Based on hepatic intermediary metabolism, we have utilized mathematical programming techniques to optimize the biochemical environment of hepatocyte cultures towards the desired effect of increased albumin and urea synthesis. To investigate the feasible range of optimal hepatic function, we have obtained a Pareto optimal set of solutions corresponding to liver specific functions of urea and albumin secretion in the metabolic framework using multiobjective optimization.
The importance of amino acids in the supplementation and the criticality of the metabolic pathways have been investigated using logic based programming techniques. Since the metabolite measurements are bound to be patient specific, and hence subject to variability, uncertainty has to be integrated with system analysis to improve the prediction of hepatic function.

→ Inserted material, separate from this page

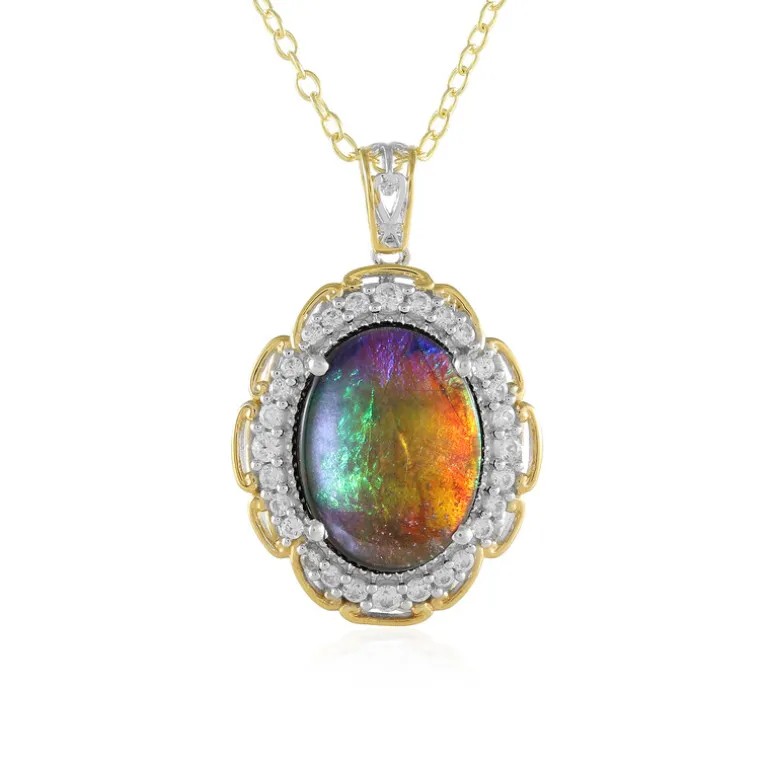 Enthüllen Sie Eleganz mit diesem Ammolith-Meisterwerk aus Kanada, das in einem exquisiten ovalen Cabochon präsentiert wird. Umgeben von funkelnden kambodschanischen Zirkonen strahlt diese Halskette Raffinesse aus. Mit einem Gesamtkaratgewicht von 6,885 ct ist es ein luxuriöses Statement. Sie eignet sich perfekt für die Abendgarderobe oder gehobene Anlässe und lässt sich wunderbar mit einem klassischen schwarzen Kleid oder einem maßgeschneiderten Anzug kombinieren.

We have used the concept of two-stage stochastic programming to obtain robust solutions by considering extracellular variability. The proposed analysis represents a new systematic approach to analyze behavior of hepatocyte cultures and optimize different operating parameters for an extracorporeal device based on real-time conditions. This work has been accepted for publication recently in Biotechnology and Bioengineering (Sharma et al. 2005).
Pharmaceutical Process Optimization
In this project the problem we are trying to solve is the optimization of process design for a variety of pharmaceutical manufacturing processing units. The project involves both experimental and computational components. Experiments are used to build the necessary knowledge database for the behavior of the process under a variety of different operating conditions as well as the effect of different design parameters on the system's performance. Predictive models to represent the system's performance are developed using hybrid schemes involving first principle models and data based methodologies.
The first stage of the project addresses single units, whereas at the second stage the interactions between processing units will be analyzed and considered in an integrative modeling framework in order to identify the additional bottlenecks that arise due to process connectivity. Finally the last stage will involve the optimization of the overall production plant alternatives. This will be of particular importance in the design of the optimal control scheme.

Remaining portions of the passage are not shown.